Thursday, July 17, 2014

Retail-Level Tyranny



 
Yes, but they're very good at stringing up the crime scene tape.

“The police are worthless. I don't know what we're paying them for.”

That familiar, despairing lament was voiced by a friend here in Payette after his family had lost $20,000 worth of property a burglary. The crime was solved before the police intervened: Some of the pilfered property was still in possession of the suspects, who admitted that it didn't belong to them. Working on their own initiative, my friend and his adult daughter -- the primary victim -- tracked down more of the stolen goods at local yard sales and garage sales.

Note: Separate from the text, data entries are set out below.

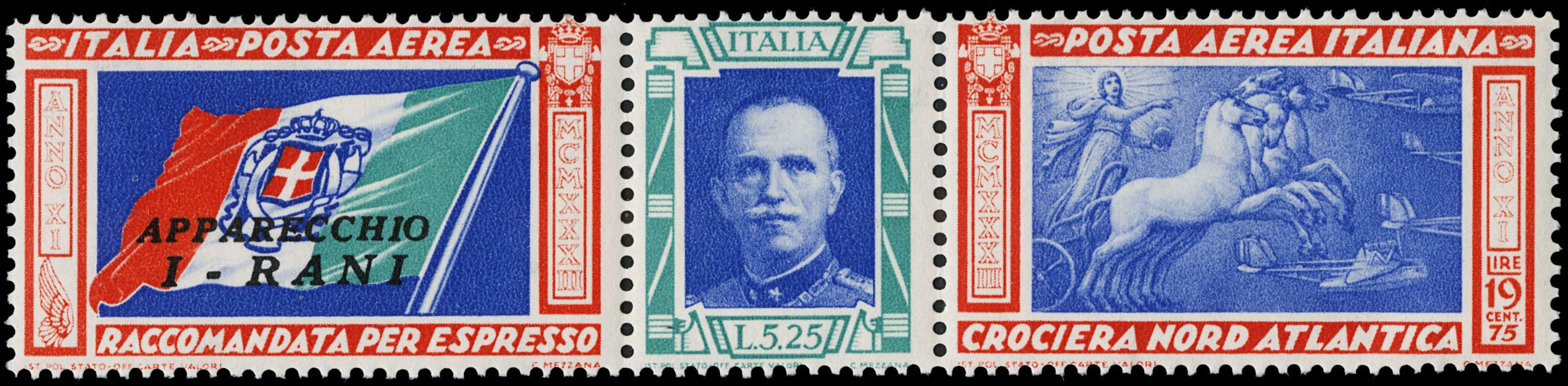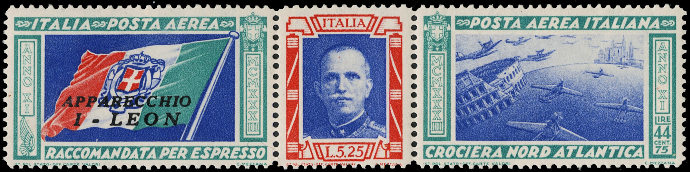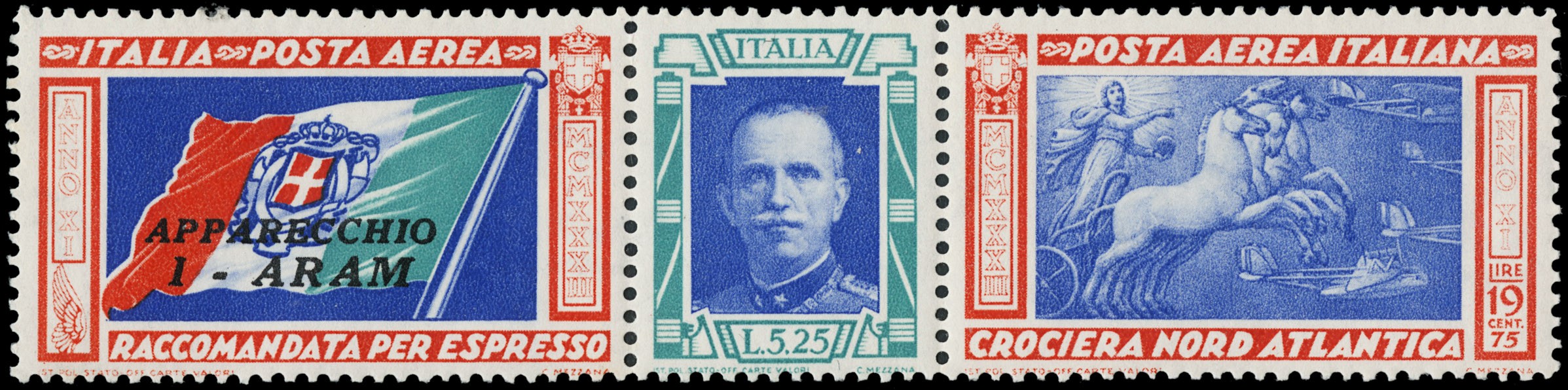 1933 - North Atlantic Flight, triptychs, the two denominations 'I-ARAM' and 'I-RANI', MNH (Sassone PA51/52+PA51P/52P - Euro 1,500)
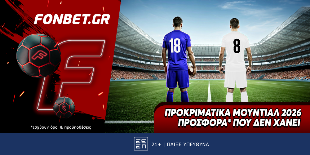 Μπορείτε κι εσείς να επωφεληθείτε από την προσφορά* της Fonbet στα Προκριματικά Μουντιάλ 2026. Μάλιστα, αφορά τόσο τα pregame στοιχήματα, όσο και αυτά στο live. Επίσης, υπάρχει κι άλλη προσφορά*, είναι για τους αγώνες στο NBA. Θα μπορέσεις να διεκδικήσεις την κορυφή απέναντι στους άλλους παίκτες; Μπαίνεις στη νέα πλατφόρμα της Fonbet, παίζεις και κερδίζεις μοναδικά έπαθλα*.
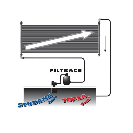 Solární panel Slim 180 pohlcuje tepelnou energii slunečních paprsků a předává ji vodě, která panelem proudí. Chladná voda z bazénu je pomocí bazénové filtrace vháněna do solárního panelu, kde se ohřívá a vrací se zpět do bazénu. Solární panel Slim napojíte na hadice o průměru 32 i 38 mm.
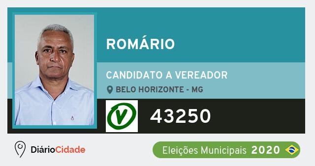 Candidato do PV para Vereador, Romário obteve 238 votos mas não foi eleito Vereador em Belo Horizonte nas Eleições 2020.
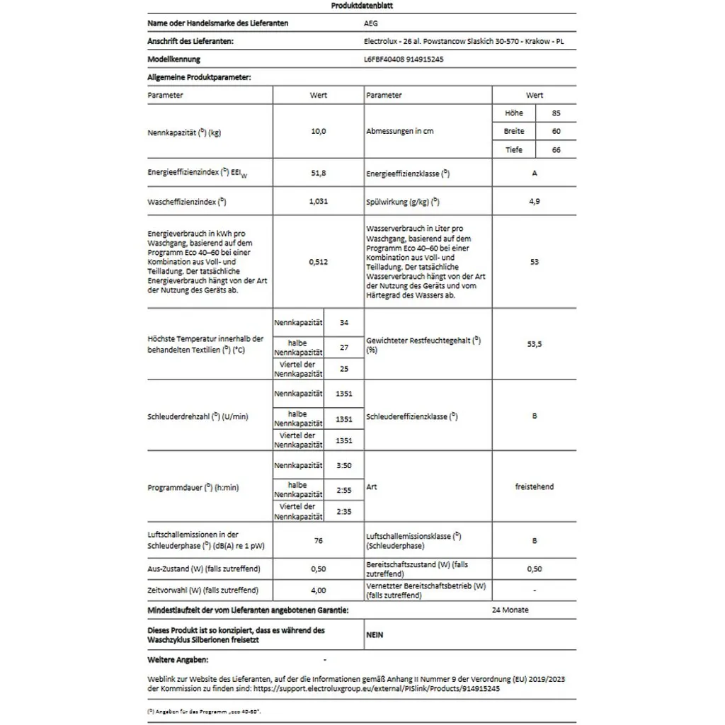 AEG – L6FBF40408 – Waschmaschine – 10 Kg
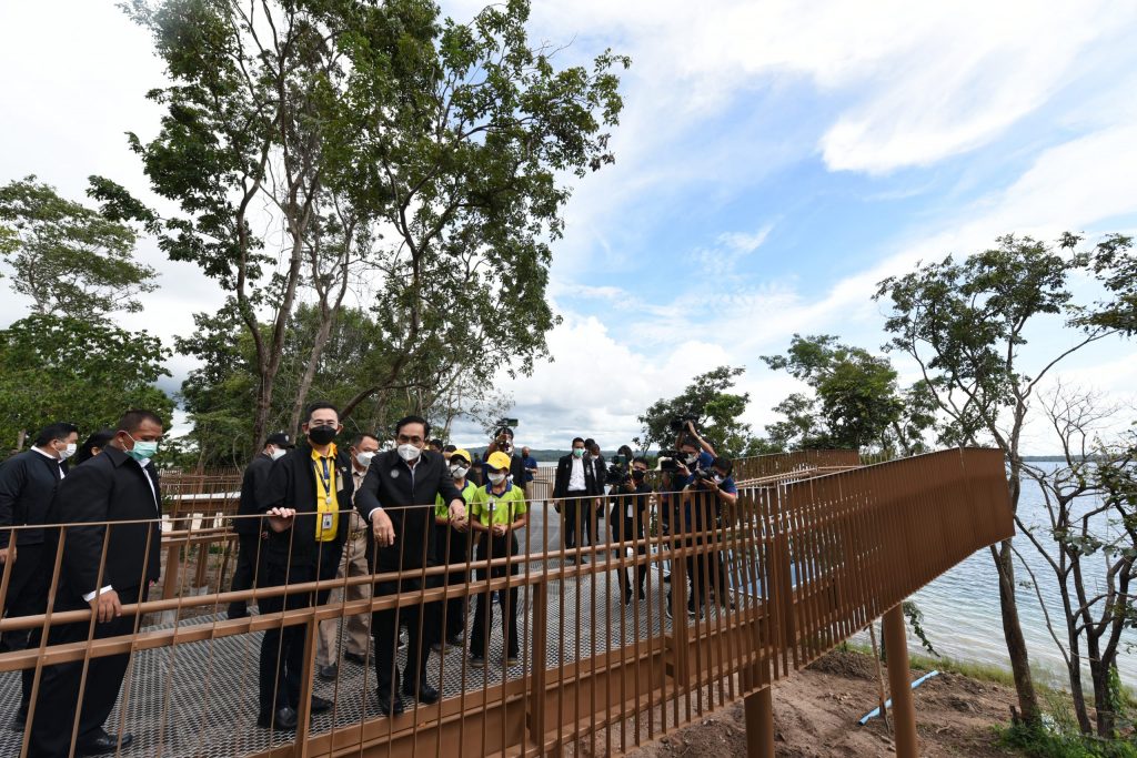 Furthermore, the Prime Minister and his entourage visited the Nature Walkway, with a junior guide giving information. From the Nature Walkway, visitors can see the bird’s-eye view of the world’s largest floating solar hybrid project, a soon-to-be tourist attraction of Ubon Ratchathani. The prime minister congratulated people in Ubon Ratchathani for the new tourist attraction that enhances colorful tourism for the country.
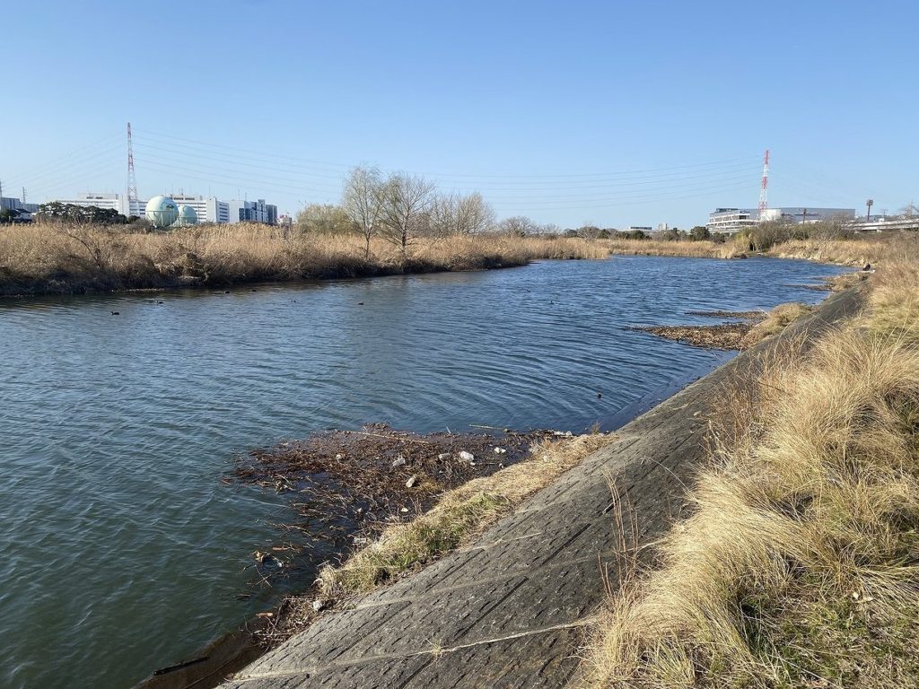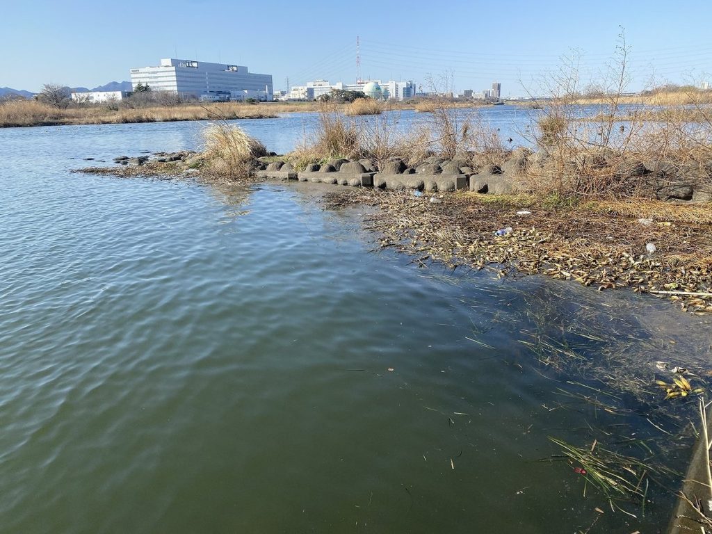 この辺りは杭なども多く河川のバスには非常に好ましい環境が続いています。当然石積みの堤防からは川の流心に向けて遠投することもできますので、バス釣りでできない釣りは無いかと思われます。
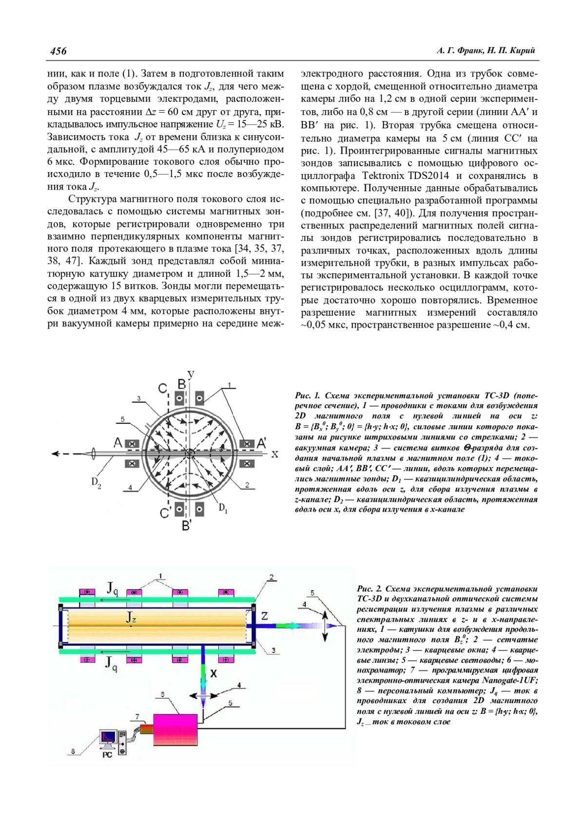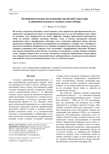 Франк А. Г., Кирий Н. П. Экспериментальные исследования магнитной структуры и динамики плазмы в токовых слоях (обзор) 454
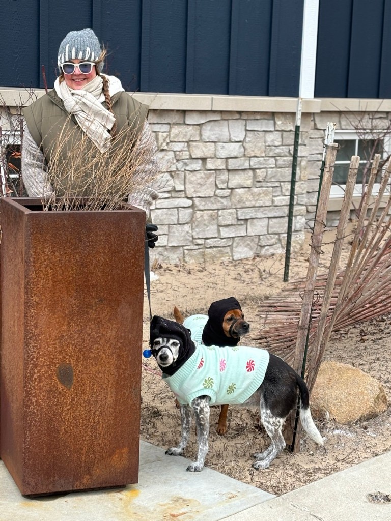 The dogs were dressed in coats and hats, and highly embarrassed by the choice of garments.
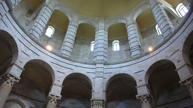 Este monumental edificio es dedicado a San Giovanni Battista y forma parte del estupendo complejo de Piazza dei Miracoli. Su cúpula, con forma de pirámide fue construida con ladrillos colorados y plomo blanco. Fue en el Baptisterio de Pisa que en el año 1564 fue bautizado Galileo Galilei.
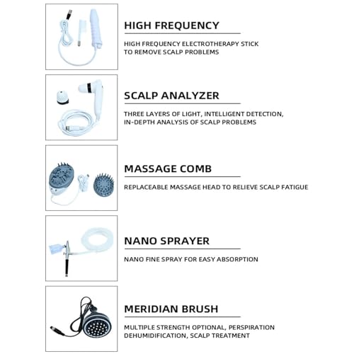 ▶【Piano personalizzato】: in base ai risultati del test, viene creato un piano di cura personalizzato della pelle e del cuoio capelluto e vengono consigliati prodotti e metodi di cura adatti al tipo di pelle e cuoio capelluto. La macchina ha 5 maniglie funzionali (ALTA FREQUENZA, ANALIZZATORE DEL CUOIO CAPELLUTO, PETTINE PER MASSAGGIO, NANO SPRAYER, SPAZZOLA MERIDIAN)
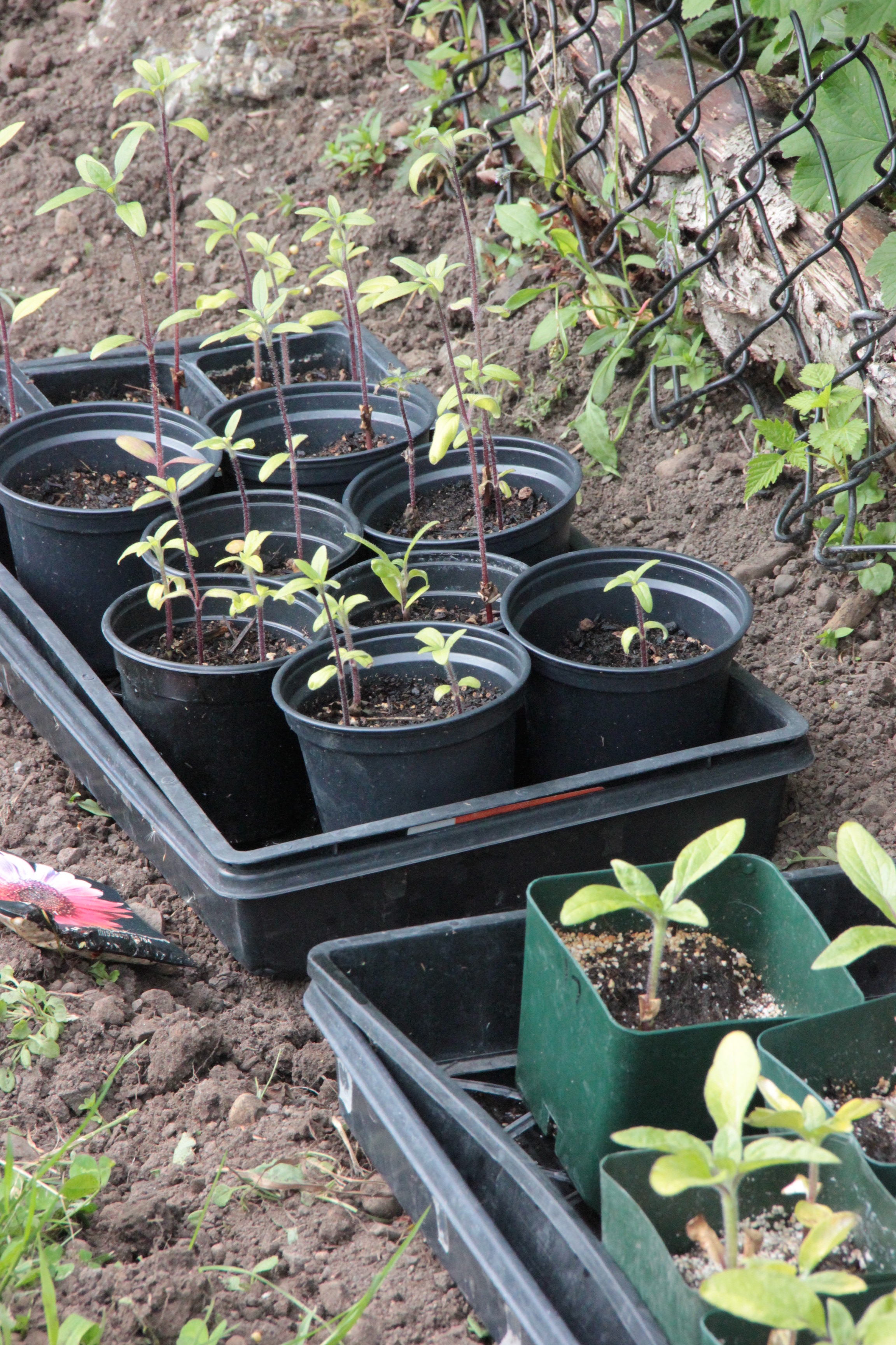 Some of my favorite potted plants last year were heliotrope with their cherry pie fragrance. They are grown as annuals here since they are such tender perennials. One sister and I purchased heliotrope seed at Butchart Gardens in BC last August. The heliotrope seedlings have taken forever to get to just this size. When I put eight small pots outside the greenhouse to harden them off, slugs ate four pots worth in just one night. Not sure they’ll make it to flowering stage before first frost.

A phone call to the Payette PD led to a visit by an officer who was courteous, professional, and who provided no practical help of any kind. He did arrest one suspect, a mentally deficient man who readily admitted to the officer that he had taken the property because an unspecified “they” had told him it was “all right” to do so.

Neither the responding officer, nor the colleague who took over the case when the first officer went on vacation, expended any effort to identify who “they” were, or to press charges against the accomplices. The case was closed with the arrest of a solitary man – a registered sex offender -- who “became somewhat upset [because] he was the only one who was going to be in trouble for the thefts that occurred, because he was honest,” as an investigative report summarized.
 
For one thing, they don't dress as well.
“The police wouldn't bother to fingerprint my stolen property,” Elizabeth Puckett, the owner of the property, recounted to me. “When I asked why, the officer said, `Well, we're not CSI.'” It shouldn't be assumed that the Payette PD is consistently insouciant about the collection of forensic evidence. A few years ago, Puckett recalls, she received a visit from the Animal Control officer (an official with whom I've had some experience) after the department received a report that “we had a dog that looked like a pit bull.”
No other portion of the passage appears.